While most large oil and gas majors such as BP and Shell have abandoned their solar energy plans, French giant Total has been expanding its solar play. It bought Sunpower a few years ago to a make a big entry into the solar power sector. It has been helping Sunpower expand its solar panel and solar development footprint across the world, in places such as Latin America and Middle East. Sunpower has been doing relatively well, considering the stiff competition and rapidly changing dynamics of the solar industry in which erstwhile leaders such as Suntech, Yingli and LDK have become bankrupt/defaulted on their bonds.

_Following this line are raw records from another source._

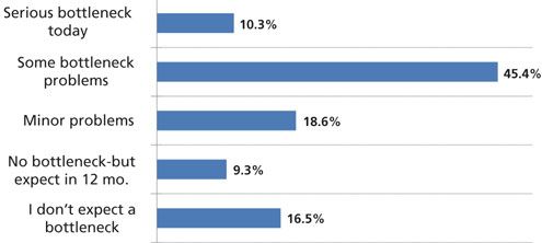 Downstream purification including chromatography continues to be the area cited as requiring the most technological improvements. Yet, other recent BioPlan studies confirm that downstream yield improvements remain much more resistant to change. This year, 74.3% of respondents reported their facility was experiencing at least some capacity bottleneck due to downstream processes. Overall, respondents are experiencing a higher level of bottlenecks than seen in 2011–2015. Approximately 10% reported that their facility is currently experiencing “serious” downstream bottleneck problems. CMOs perceive downstream bottlenecks as more serious, with 60% of CMO respondents reporting either “Serious” or “Some” capacity constraints due to downstream processing. “Serious” capacity constraints were also reported much more frequently by European vs. US respondents, 11.5% vs. 5.7% (see Figure 2).
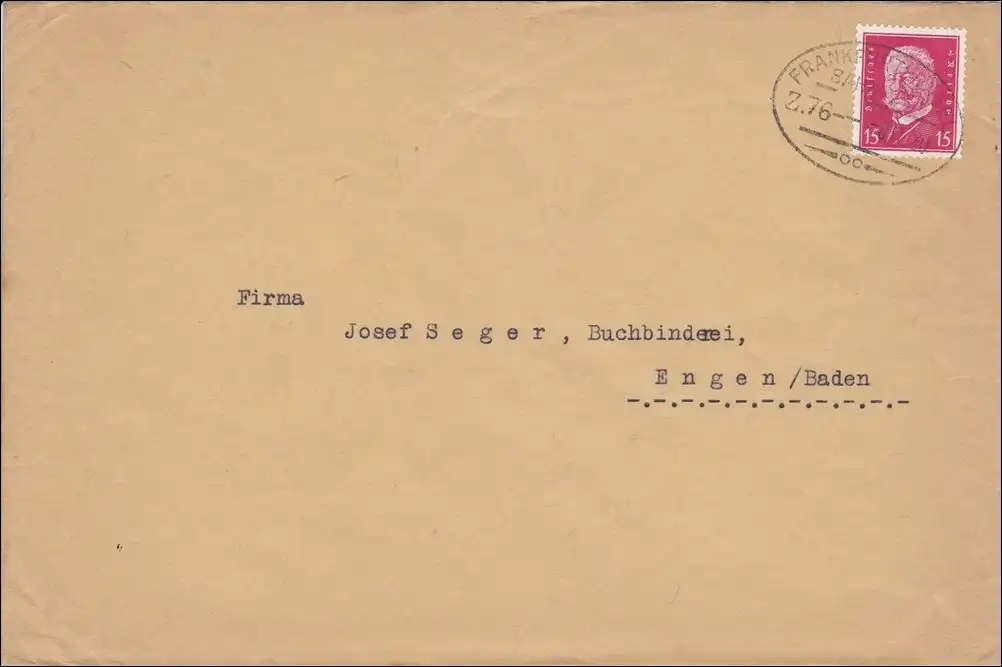 Poste ferroviaire: Lettre avec cachet de train Francfort - Bâle 1930
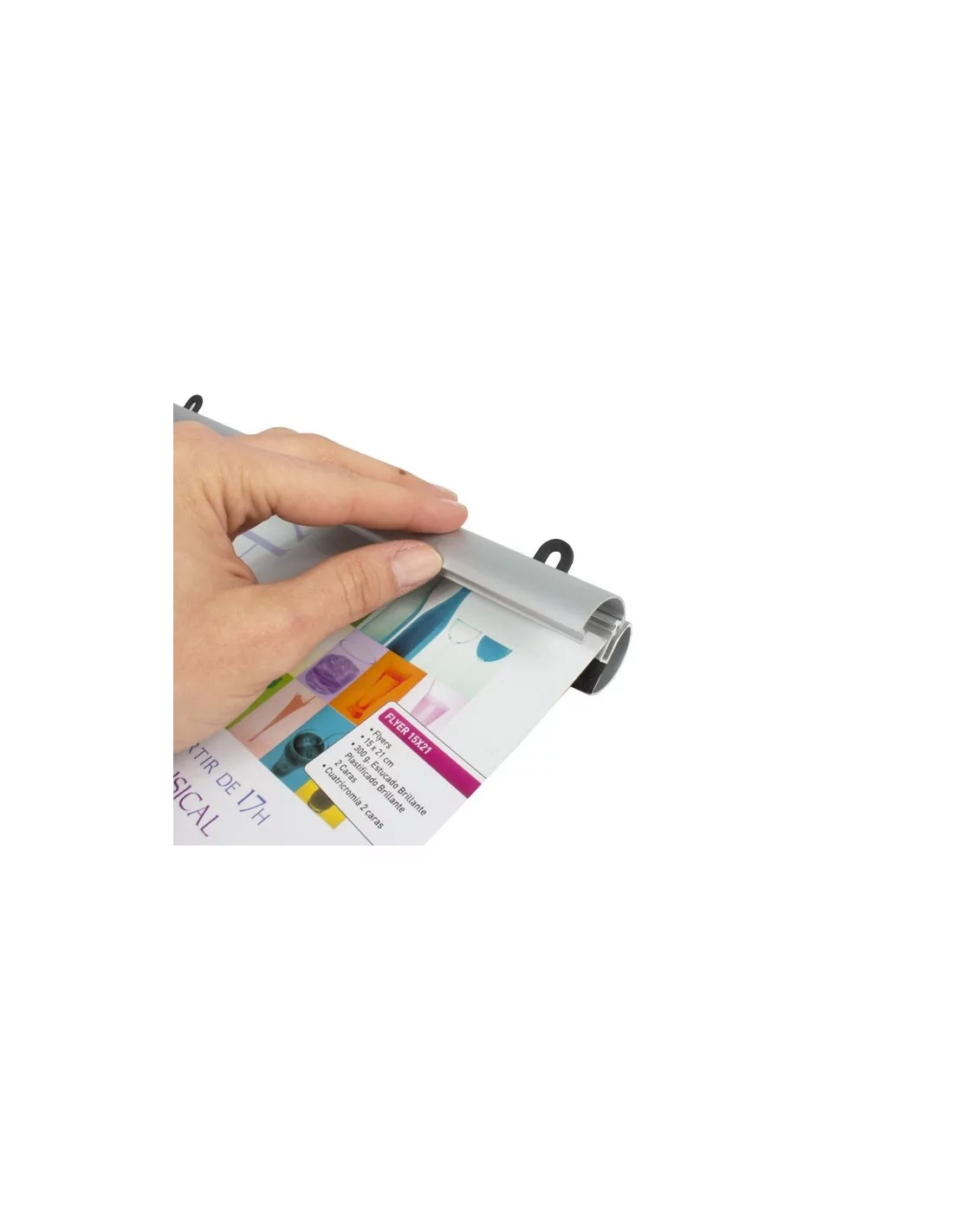 E Economic and Social système aLUTAPE pour accrocher vos reins, affiches ou écrans de protection dans des animaux en plastique de faible épaisseur. Profil de BANNER composé de UNA BARRA en métal rond qui aura le graphique en haut. Avec des housses latérales noires élégantes

Note energy storage is set to become the next big thing in solar energy, with solar electricity plus storage costs expected to start competing with retail prices of grid from 2020 onwards. The price of energy storage is expected to come down by almost 50%, while solar electricity prices too are coming down by around 5%-10% every year. This means that solar plus storage will start substituting grid based electricity in households and commercial organizations. This will have a major impact on the utilities business model, while providing a huge market for solar players with an integrated energy storage solution. Sunpower has already entered the solar plus energy storage market along with other players such as Panasonic, SolarCity etc. While this is a still a niche segment, some governments in Japan and Germany are encouraging this technology to help reduce the load on the grid balancing requirements. Besides “behind the meter” energy storage companies such as Saft, Panasonic etc. are also installing energy storage solutions on a large scale on a utility grid level.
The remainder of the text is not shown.